Solution to the Right to Use Drugs:  Make drugs illegal and heavily fine anyone in possession of the drugs.  Raise taxes and create more government jobs (any expansion of government to enforce new laws is the ultimate form of Big Brother) to enforce drug laws.  Create more risk.  Increase the price of the drugs.  Confiscate money taken from drug (alcohol) dealers and use them to fund your political campaign.

The Right to Drugs comes from this:




> The Tenth Amendment (Amendment X) of the United States Constitution, which is part of the Bill of Rights, was ratified on December 15, 1791. The Tenth Amendment restates the Constitution's principle of federalism by providing that powers not granted to the national government nor prohibited to the states are reserved to the states or the people.


Pick anything else random off the top of your head, or just make $#@! up.  Lets outlaw SOCKS.  Like shoes and socks, were gonna outlaw socks because they smell.  Why not, its the same excuse as most people have about smoking.  And if we REALLY want to get into a symantical argument over smoking is unhealthy but stinky socks are not, lets point out the fact that socks stink due to moisture allowing a breeding ground for bacteria to grow.  Bacteria.  There we go.  Unhealthy.  And I'll use that as my foundation for this hypothetical argument to make socks illegal.
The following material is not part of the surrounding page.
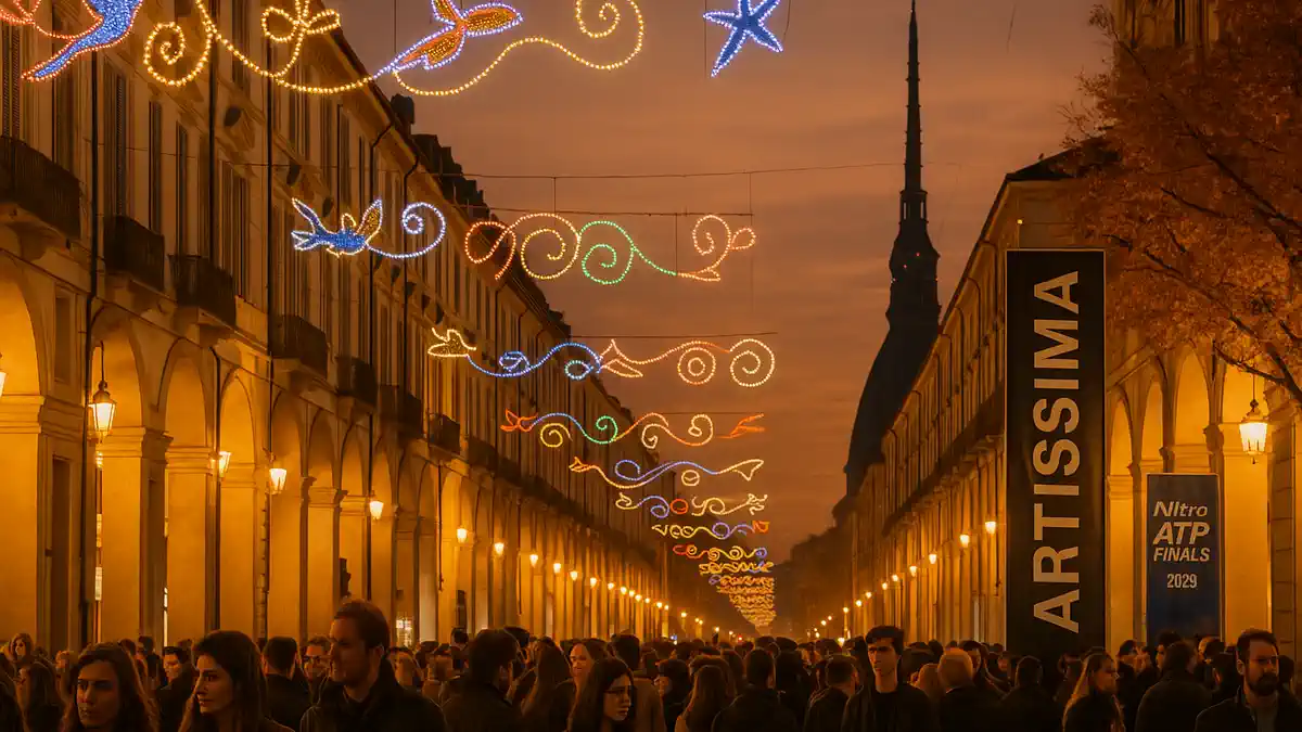 Ноябрь 2025 в Турине снова «сшит» вокруг Недели современного искусства и большого тенниса. В начале месяца город работает как одна площадка: ярмарки Artissima и Flashback, фестиваль Paratissima в Монкальери и музыкальный C2C идут параллельно с бесплатными музеями и ночными открытиями. Вторая половина ноября переходит в спорт и свет: Luci d’Artista уже горят, а 9–16 ноября Inalpi Arena принимает Nitto ATP Finals с восьмёркой сильнейших теннисистов мира.

Making socks illegal will not get rid of socks.  Doing so will create a black market for those that choose to disobey the law for the enjoyment of the comfort that wearing socks provides.  As people probably wont just immediately give up their socks unless confronted, most people will figure that since people dont spend a great deal of time staring at peoples feet, they probably wont be noticed if they are wearing socks in public because they can be easily hidden by wearing pants long enough to cover and hide their socks.  So people will still use socks even though they are illegal.  In their minds, the benefits of wearing socks, such as not getting blisters from wearing shoes without socks is enough of a benefit to risk going against the propoganda that socks are bacterial breeding grounds and thus unhealthy.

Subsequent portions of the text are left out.